For the third time in less than a year, Florida is asking the federal government to amend a sweeping Medicaid “waiver,” including seeking permission to add community mental-health providers to the list of those able to participate in a supplemental Medicaid funding program.
“We think this is a great thing to do,” said Melanie Brown-Woofter, interim president and CEO of the Florida Council for Community Mental Health. She noted that, if approved, the change could result in a projected $15.7 million increase in funding for community receiving facilities that treat patients for mental-health and substance-abuse disorders, including opioid addictions.
But under federal law, the state can’t submit proposed amendments without first allowing the public to comment.

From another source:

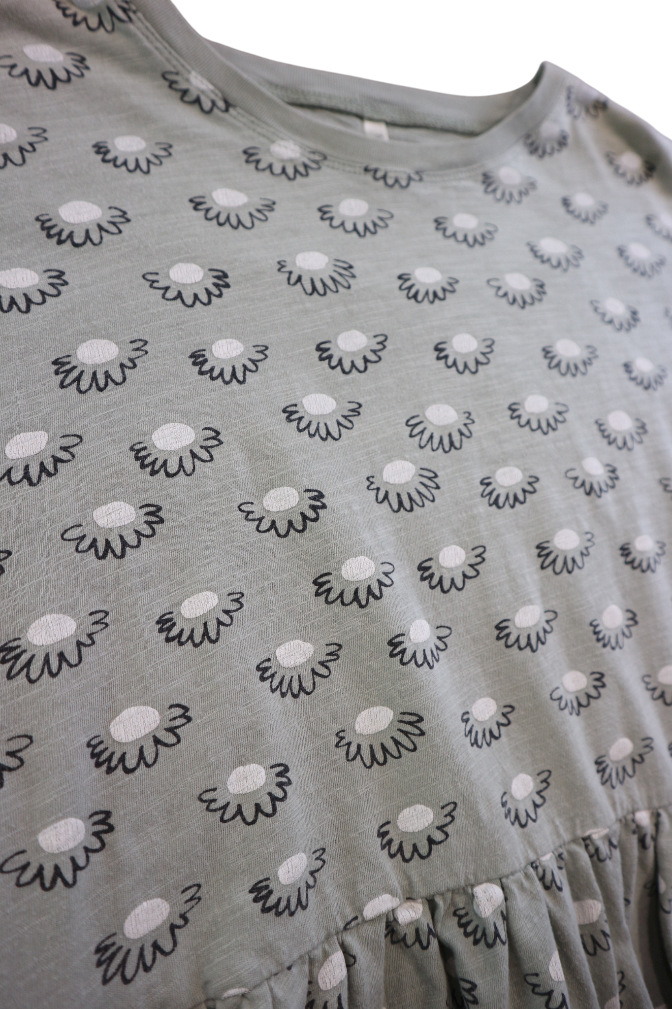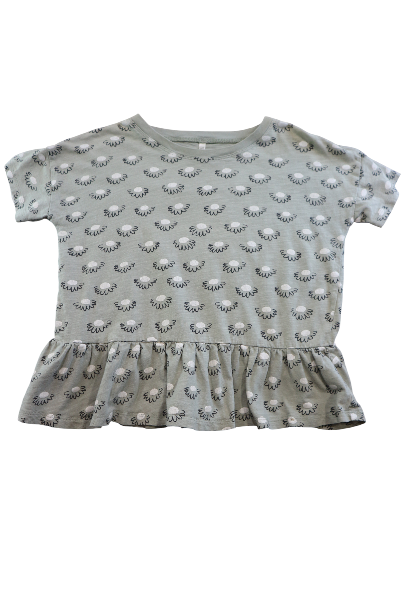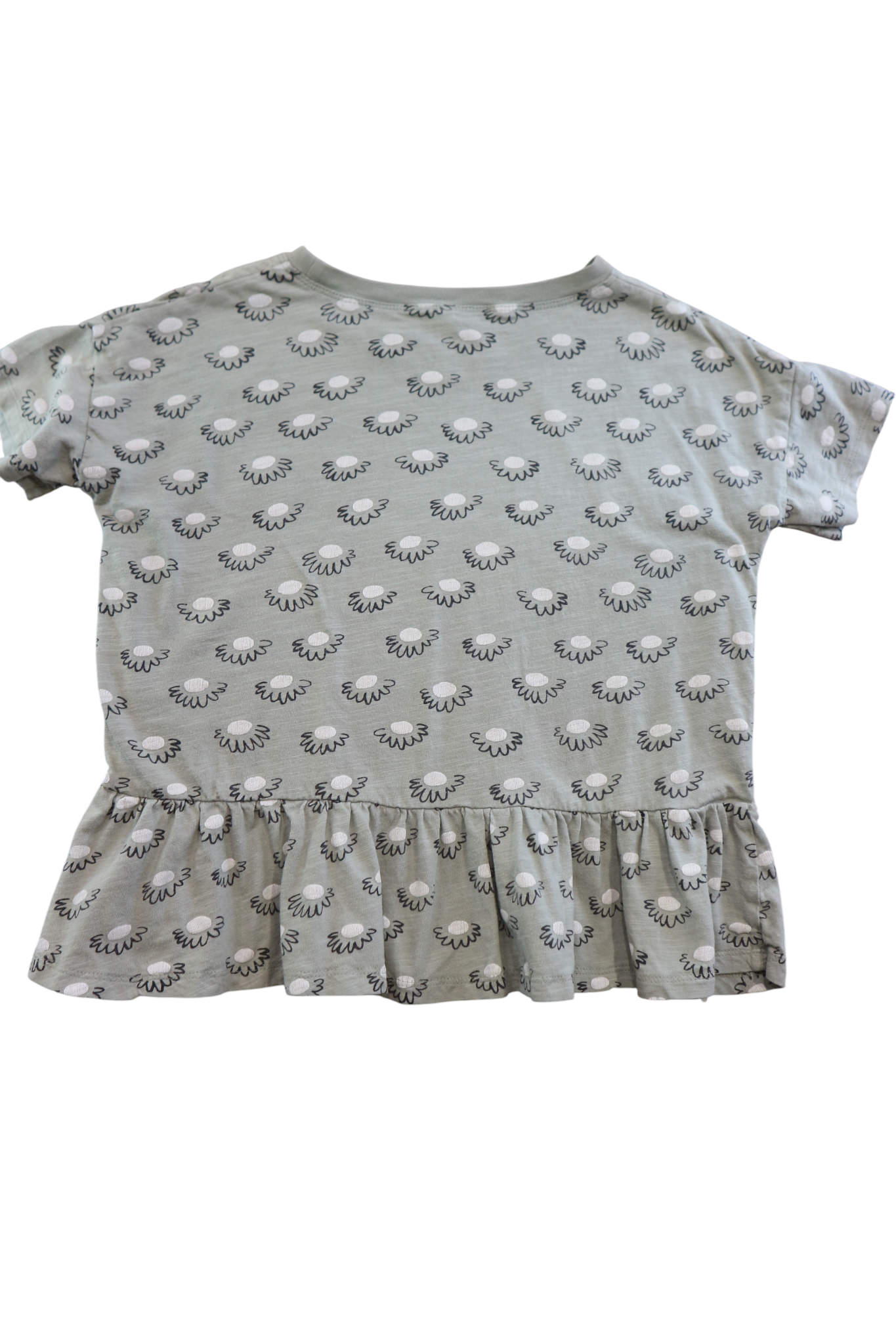Rylee & Cru green boxy top with frill hem, size 8-9yrs. Cotton/elastane.

To that end, state Agency for Health Care Administration officials are holding a meeting at 3:30 p.m. Wednesday at the agency’s Tampa office.
Along with the change dealing with funding for mental-health providers, the state also wants permission to trim from 90 to 30 the number of days that Medicaid will retroactively cover beneficiaries’ health-care bills before they become eligible for Medicaid. Florida wants that change — which would only impact non-pregnant women 21 and older — to become effective July 1. If approved, the state would save about $38 million in general-revenue dollars and $98.4 million in combined state and federal funds.
Florida also is seeking to modify an existing policy on hospital ownership to recognize health-care facilities with regional perinatal care centers to tap into supplemental funds. The change would benefit Bayfront Health in St. Petersburg.
The supplemental funding issues deal with the Low Income Pool program, which provides additional funds to hospitals that serve large numbers of poor and uninsured patients. The program is comprised of funds from Florida and the federal government. But Florida doesn’t use state tax dollars for its required match. Instead, the state calls on local governments and local health-care taxing districts to provide “intergovernmental transfers” to fund the program.
Florida lawmakers agreed to direct $19.8 million in the coming year toward community central receiving systems, with a requirement of 50 percent local match, or about $10 million, Brown-Woofter told the News Service of Florida.
If the federal government approves the proposed changes, she said, the $10 million in local match could draw down another $15.7 million in so-called LIP funding. Brown-Woofter said the increased funding could either be used to enhance treatment services or to increase the number of community central receiving systems in the state.
Rules surrounding LIP funding have changed in recent years, making it less lucrative for hospitals to participate, and the state hasn’t been able to collect enough local match money to fully fund the program.
The Donald Trump administration last year authorized a $1.5 billion LIP program when it approved what is known as Florida’s Medicaid “1115 waiver,” but the state only collected enough money from counties for a $730.6 million program this year.
Brown-Woofter said she spoke with hospital groups before lobbying the Legislature about community receiving facilities being made eligible for LIP money.
“They said go for it,” Brown-Woofter told the News Service.
The Trump Administration in August 2017 extended the waiver through June 30, 2022. The waiver allows the state to run its mandatory Medicaid managed-care program, as well as the Low Income Pool.
Before the final waiver was approved, the Agency or Health Care Administration had already submitted an amendment requesting it be altered to require people with cystic fibrosis and brain and spinal cord injuries to enroll in the Medicaid managed care program. A second amendment was submitted in September to require people with AIDS to enroll in the mandatory managed-care program.
Prior to the waiver, the state cared for those people through smaller Medicaid waiver programs.
In addition to the Tampa meeting, state Medicaid officials will hold a meeting April 3 in Tallahassee. Moreover, the state has been soliciting public input on the proposed changes since March 21.
As of Tuesday, AHCA spokeswoman Shelisha Coleman said the state had received 45 comments from the public regarding the proposed changes.